# Deere 2955 Shifting Problems



## armsteadc (Jun 15, 2015)

I have a JD 2955 cab tractor with the 8 speed (hi/lo shift) transmission. When trying to put the tractor in gear, it grinds really bad. It does not matter whether you put it in a gear and then select high or low, or put it in high/low first then the gear, it grinds. I checked the reservoir behind the steering wheel under the "dash" and it is full. The clutch depresses fully and comes back up to standard position once you let off of it. What's your thoughts on what could be causing the gears to grind.


----------



## Vol (Jul 5, 2009)

armsteadc said:


> The clutch depresses fully and comes back up to standard position once you let off of it. What's your thoughts on what could be causing the gears to grind.


Throw out bearing?

Regards, Mike


----------



## 8350HiTech (Jul 26, 2013)

Did this come on suddenly or gradually?


----------



## Tx Jim (Jun 30, 2014)

I'll advise to try and bleed clutch operating cylinders. This type clutch control systems was not one of JD engineers shining moments!!!!!!


----------



## armsteadc (Jun 15, 2015)

It was more of a gradual problem but we don't use the tractor that often. Mainly to pull the batwing on the pastures. But we are looking at round baler and would use tractor more often to pull it.


----------



## DYNOBOB (Nov 29, 2011)

Long shot here... Our kubota m5700cab was grinding going into 3rd or 4th. Adjusted the cables down at trans and it was better for a while then came back. Ended up loosing 3/4 altogether one day, the arm on the shift lever where one of the cables attaches was bending down over time and had finally broken.

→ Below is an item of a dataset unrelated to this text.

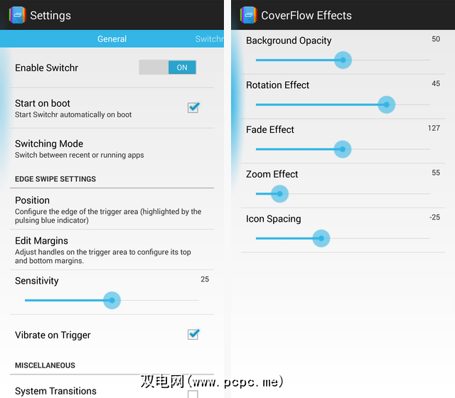 上面,您可以看到Switcher Flow的两种不同外观。敏锐的读者会在右边的屏幕截图中看到CoverFlow Effects面板:这是您用来调整Flow设置的屏幕,几乎可以自定义任何内容。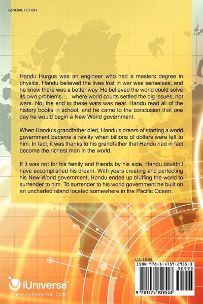 Handu Hurgus was an engineer who had a masters degree in physics. Handu believed the lives lost in war was senseless, and he knew there was a better way. He believed the world could solve its own problems..... where world courts settled the big issues, not wars. No, the end to these wars was near. Handu read all of the history books in school, and he came to the conclusion that one day he would begin a New World government. When Handu's grandfather died, Handu's dream of starting a world government became a reality when billions of dollars were left to him. In fact, it was thanks to his grandfather that Handu had in fact become the richest man in the world. If it was not for his family and friends by his side, Handu couldn't have accomplished his dream. With years creating and perfecting his New World government, Handu ended up bluffing the world to surrender to him. To surrender to his world government he built on an uncharted island located somewhere in the Pacific Ocean.

Man was I happy that thing broke!


----------



## Farmineer95 (Aug 11, 2014)

Likely the pilot bearing in the flywheel is getting tight. If you can get it into gear it likely won't creep, maybe a little bit. If you put the range in gear first then a synchronized numbered gear it might be easier to engage but then you might accelerate wear on the synchronizers.

If it seems like the shifters are centered in the console forks when engaging likely that adjustment is ok.

If you do a clutch job change the slave cylinder right away and both bearings. 
Look for aftermarket if you're looking for price.


----------